Although more women in Madagascar are using modern contraceptives than ever before, their use has hovered at approximately 35 percent. Certainly, modest improvements in addressing the unmet needs of contraceptive use have been hailed across the country. But for women and girls living in remote communities, it is a different story. Women and girls in remote areas of Madagascar suffer from a double burden given the limitations posed by their physical locations and the interruptions posed to supply chains.
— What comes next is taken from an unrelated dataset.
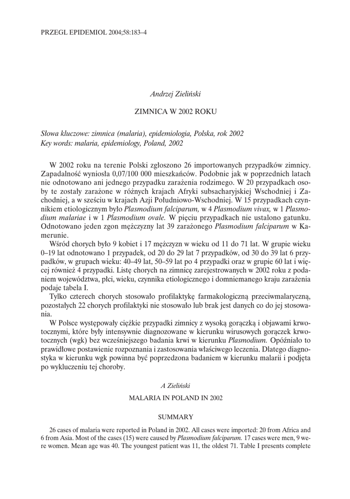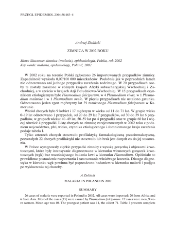 PRZEGL EPIDEMIOL 2004;58:183–4 Andrzej Zieliński ZIMNICA W 2002 ROKU Słowa kluczowe: zimnica (malaria), epidemiologia, Polska, rok 2002 Key words: malaria, epidemiology, Poland, 2002 W 2002 roku na terenie Polski zgłoszono 26 importowanych przypadków zimnicy. Zapadalność wyniosła 0,07/100 000 mieszkańców. Podobnie jak w poprzednich latach nie odnotowano ani jednego przypadku zarażenia rodzimego. W 20 przypadkach osoby te zostały zarażone w różnych krajach Afryki subsacharyjskiej Wschodniej i Zachodniej, a w sześciu w krajach Azji Południowo-Wschodniej. W 15 przypadkach czynnikiem etiologicznym było Plasmodium falciparum, w 4 Plasmodium vivax, w 1 Plasmodium malariae i w 1 Plasmodium ovale. W pięciu przypadkach nie ustalono gatunku. Odnotowano jeden zgon mężczyzny lat 39 zarażonego Plasmodium falciparum w Kamerunie. Wśród chorych było 9 kobiet i 17 mężczyzn w wieku od 11 do 71 lat. W grupie wieku 0–19 lat odnotowano 1 przypadek, od 20 do 29 lat 7 przypadków, od 30 do 39 lat 6 przypadków, w grupach wieku: 40–49 lat, 50–59 lat po 4 przypadki oraz w grupie 60 lat i więcej również 4 przypadki. Listę chorych na zimnicę zarejestrowanych w 2002 roku z podaniem województwa, płci, wieku, czynnika etiologicznego i domniemanego kraju zarażenia podaje tabela I. Tylko czterech chorych stosowało profilaktykę farmakologiczną przeciwmalaryczną, pozostałych 22 chorych profilaktyki nie stosowało lub brak jest danych co do jej stosowania. W Polsce występowały ciężkie przypadki zimnicy z wysoką gorączką i objawami krwotocznymi, które były intensywnie diagnozowane w kierunku wirusowych gorączek krwotocznych (wgk) bez wcześniejszego badania krwi w kierunku Plasmodium. Opóźniało to prawidłowe postawienie rozpoznania i zastosowania właściwego leczenia. Dlatego diagnostyka w kierunku wgk powinna być poprzedzona badaniem w kierunku malarii i podjęta po wykluczeniu tej choroby. A Zieliński MALARIA IN POLAND IN 2002 SUMMARY 26 cases of malaria were reported in Poland in 2002. All cases were imported: 20 from Africa and 6 from Asia. Most of the cases (15) were caused by Plasmodium falciparum. 17 cases were men, 9 were women. Mean age was 40. The youngest patient was 11, the oldest 71. Table I presents complete 184 Nr 1 A Zieliński Tabela 1. Table 1. Przypadki zimnicy zawleczone do Polski w 2002 roku Cases of malaria imported to Poland in 2002 Województwo Dolnośląskie Kujawsko-Pomorskie Płeć Wiek Plasmodium Kraj pobytu M 53 malariae Zambia, Malavi M 45 falciparum Kongo, Tanzania K 23 falciparum Kenia M 26 falciparum Kenia M 11 vivax Mali Lubelskie K 25 falciparum Kenia Lubuskie M 35 falciparum Rep. Płd. Afryki Łódzkie Małopolskie Mazowieckie K 62 sp. Turcja M 46 falciparum Cejlon M 26 sp. Kongo K 68 sp. Kenia K 22 vivax Indonezja M 71 falciparum Etiopia K 51 falciparum Rep. Płd. Afryki M 69 falciparum Kenia K 44 vivax Indie, Chiny K 50 falciparum Tanzania K 27 falciparum Ghana Podkarpackie M 31 sp. Uganda Podlaskie M 28 sp. (nie falciparum) Ceylon Śląskie M 47 falciparum Kamerun M 52 vivax Nowa Gwinea Warmińsko-Mazurskie Zachodnio-Pomorskie M 39 falciparum Kamerun M 36 falciparum Angola M 30 falciparum Kamerun M 30 ovale Rep. Płd. Afryki list of cases by gender (M-male, K-female), age, etiologic factor and presumed country of infection. In only 4 cases some kind of chemoprophylaxis was documented. In other prophylaxis was not used or not documented. One death resulted from falciparum malaria in Poland in 2002. Adres autora: Andrzej Zieliński Zakład Epidemiologii Państwowego Zakładu Higieny ul. Chocimska 24, 00-791 Warszawa

The need to improve access to family planning in rural communities presents a great challenge and, in turn, warrants innovative strategies to help expand access in remote areas. In response, the United States Agency for International Development (USAID)-funded Improving Market Partnerships and Access to Commodities Together (IMPACT) program in Madagascar has begun to explore the use of drone technology to deliver family planning resources. 

In October 2019, IMPACT began exploring how drone technology could be used to improve access to essential drugs for communities in need. By piloting drone technology, the IMPACT program was successful in maximizing efficiencies to respond to stock-out challenges at supply points. Where it would usually take two to three months to make contraceptives available, the drone technology could deliver products in just one hour. After watching a video on the drone-use pilot and seeing how successful it was, Banyan Global’s Gender and Social Inclusion Specialist on IMPACT, Malanto Rabary, realized the potential that drones could offer in facilitating access to contraceptives for excluded communities in remote areas. Indeed, the use of drones is reaching four critical objectives of Banyan Global’s gender and social inclusion role on the program: expanding the distribution of health commodities among target groups; addressing a gender and socially-inclusive balanced approach; promoting family planning health among women, girls, and entire communities in rural areas; and helping to fill the market in the social marketing sector. As IMPACT continues to test out new ways of using drone technology more consistently in the supply chain, stakeholder partners and rural communities themselves will stand to benefit from expanded access to  priority medications for women in remote areas, including family planning medications like contraceptives and medications related to maternal and child health.

At this year’s celebrations of International Women’s Day in Tulear, Madagascar, IMPACT collaborated with the Ministry of Population and the National Women’s Council to showcase the opportunities that drone technology offers for remote communities. The IMPACT team screened a video which explained how drones could fill a critical gap in access to health products for marginalized populations in remote communities. Senior representatives from the Ministry of Population as well as the Chairwoman of the National Women’s Council were very interested in the potential that the drone technology offers, particularly to give women and girls in rural communities access to health commodities that are otherwise difficult to obtain. Senior level officials shared, “It is good to know that women from remote areas could now get contraceptives with the use of this drone. Thanks to IMPACT, as it helps improving the health status in Madagascar”.  Through the IMPACT program’s signature commitment to gender and social inclusion, interventions continue to be designed with an express goal of addressing gender-specific dimensions to help strengthen the supply chain systems for USAID-funded maternal and child health, malaria, and family planning activities in Madagascar. IMPACT and the Banyan Global team will continue to collaborate to unlock solutions for addressing the most critical needs in maternal and child health, malaria, and family planning, so that health services and access can continue to grow more equitable for all.